• **Data block**
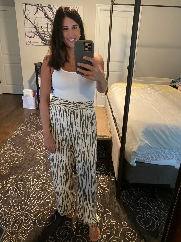Look #1 – Pair with a white bodysuit (or black) and neutral sandals
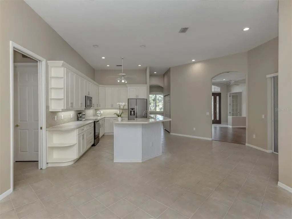 - Interior FeaturesCeiling Fan(s), Crown Molding, Eating Space In Kitchen, Open Floorplan, Solid Wood Cabinets, Split Bedroom, Walk-In Closet(s)
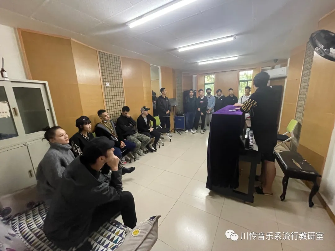 2021年10月21日,一群热爱创作的同学们齐聚在A14-310琴房,流行教研室相关专业老师莅临现场进行了原创音乐团新人选拔以及团长换届选举。活动选出张传坤为下一届团长,王亚彬为副团长。本次教研活动由王超老师主持,明确学期任务,提升创作专业性。张瑞冬团长针对新的学期目标、新的规章制度等进行了具体的布置和讲述。

• **Aim of the exercise**
Drop the images and repeat the data exactly.

• **Answer to this problem**
Look #1 – Pair with a white bodysuit (or black) and neutral sandals
 - Interior FeaturesCeiling Fan(s), Crown Molding, Eating Space In Kitchen, Open Floorplan, Solid Wood Cabinets, Split Bedroom, Walk-In Closet(s)
 2021年10月21日,一群热爱创作的同学们齐聚在A14-310琴房,流行教研室相关专业老师莅临现场进行了原创音乐团新人选拔以及团长换届选举。活动选出张传坤为下一届团长,王亚彬为副团长。本次教研活动由王超老师主持,明确学期任务,提升创作专业性。张瑞冬团长针对新的学期目标、新的规章制度等进行了具体的布置和讲述。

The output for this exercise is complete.